Aasha and Brij Chhabra were found shot to death in their Detroit-area home.
For the Chronicle



March 25, 2008, 10:24AM
2 accused in plot to kill couple being sent to Michigan
Magistrate judge transfers Houston-area men's case


By DANE SCHILLER
Copyright 2008 Houston Chronicle


The next chapter in the saga of two Houston-area men accused of conspiring to kill an Indian couple over a $1.5 million dispute will have to play out in Detroit, as a federal magistrate judge on Monday ordered them sent to Michigan to face justice.

New details emerged during a Houston hearing in which an FBI agent testified one of the men cooperated by letting feds record two cell-phone conversations he had with his co-defendant.

Wearing green jail uniforms and chained at the wrists, waists and ankles, landscaper Douglas Tobar, 40, and his former employer, Narayan Thadani, 60, sat at the same courtroom table but appeared to say nothing to each other.

U.S. Magistrate Judge Stephen Smith ordered the men held and instructed the Marshal Service to take them to Michigan, where a husband and wife were shot to death earlier this month.
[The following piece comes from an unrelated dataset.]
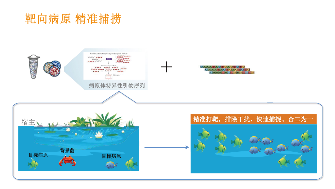 如何才能够聚焦核心病原?金域医学通过近十万例mNGS检测大数据,百万例非mNGS检测大数据的分析发现:不同标本类型病原谱不同,其核心病原以50-100种为主。依托这些大数据,金域医学tNGS系列产品的研发初衷就是帮助临床快速建立评估病原体及耐药性的能力。2021年,金域医学联合金圻睿自主开发出靶向测序技术(tNGS)平台。该平台将“PCR”和“NGS”的优势相结合,同时有效排除人体定植微生物对结果的干扰,更有利于临床快速锁定目标病原。如果将其比喻为捕鱼,可以理解为通过多重PCR平台制作目标鱼儿的饵料投入水中,让目标鱼儿感兴趣并食用,并且可将不同鱼儿进行分类,实现精准捕捞,排除其他干扰的鱼类。这是行业首个在感染性疾病领域应用的tNGS技术,采用超多重PCR正向富集目标病原,提升检测灵敏度,同时可以排除宿主核酸干扰,实现DNA和RNA共检,具有检测范围广、鉴定准、性价比高、可定制化、可精准分型的特点。

The men are charged with conspiracy to murder and use of interstate commerce facilities in the commission of murder-for-hire.
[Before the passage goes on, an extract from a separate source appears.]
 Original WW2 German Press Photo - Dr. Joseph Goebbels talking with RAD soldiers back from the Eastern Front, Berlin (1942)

"Each poses a substantial flight risk and danger to the community," Smith said at the hearing's conclusion.


Trail to Texas
Federal authorities allege a movielike plot unraveled when a Michigan police officer pulled over a sedan that had been driven from the Houston area to Troy, a suburb just outside Detroit.
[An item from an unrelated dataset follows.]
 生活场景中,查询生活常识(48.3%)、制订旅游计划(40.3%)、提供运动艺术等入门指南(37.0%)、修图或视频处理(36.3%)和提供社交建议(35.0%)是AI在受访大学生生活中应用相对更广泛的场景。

Inside the vehicle, police found a handgun and a pair of bloody latex gloves, as well as a blood-smeared envelope with the names and addresses of Brij Chhabra, 65, and his wife, Aasha Chhabra, 56.

The vehicle's driver and passenger — who both lived in the Houston area — were arrested after officers found the Chhabras shot dead in their home.

The trail led back to Texas and to Tobar, who landscaped for Thadani, police say.

The Chhabras were suing Thadani, who had been asked to invest about $2 million from the sale of a home that had been owned by Aasha Chhabra's late father. Thadani's assets were frozen by a judge.

Tobar, like the two men in the car with the bloody gloves, is a native of El Salvador. He is legally in the United States and owns a small landscaping company.

He met the men at Alcoholics Anonymous and introduced one of them to Thadani, who asked for help "getting rid" of the Chhabras, according to the FBI.

"He cooperated an awful lot; he was trying to do the right thing," Tobar's attorney, Guy Womack, said after the hearing.

"He exercised extremely poor judgment in introducing these two guys but had nothing to do with murder," Womack said. "I don't think he had any idea in his worst nightmare this would happen."


Lack of evidence claimed
During the hearing, Thadani's lawyer, Kent Schaffer, sought to show that the FBI and police had minimal evidence against his client and noted that the lawsuit would continue regardless of whether the Chhabras had been killed.

FBI agent Benjamin Stone said Tobar let authorities record two of his phone calls to Thadani.

In one, Thadani promised to pay Tobar's legal fees, he said. In the other, Thadani advised Tobar to stay calm around FBI agents.

Stone also said that during a Friday search of Thadani's properties, agents found a hand-drawn map of the Chhabra's home in Michigan as well as a tape recording of a phone conversation between Thadani and Aasha Chhabra.

Assistant U.S. Attorney Robert Stabe said the men were charged with among the most brutal crimes to make their way into federal court.

"We have a man and woman in Michigan killed over a civil lawsuit," he said.

Thadani, a retired public servant, was born in India but has lived in the United States since 1968.

Tobar's wife, with whom he has a 7-week-old daughter, observed from a courtroom bench and silently blew her husband a kiss.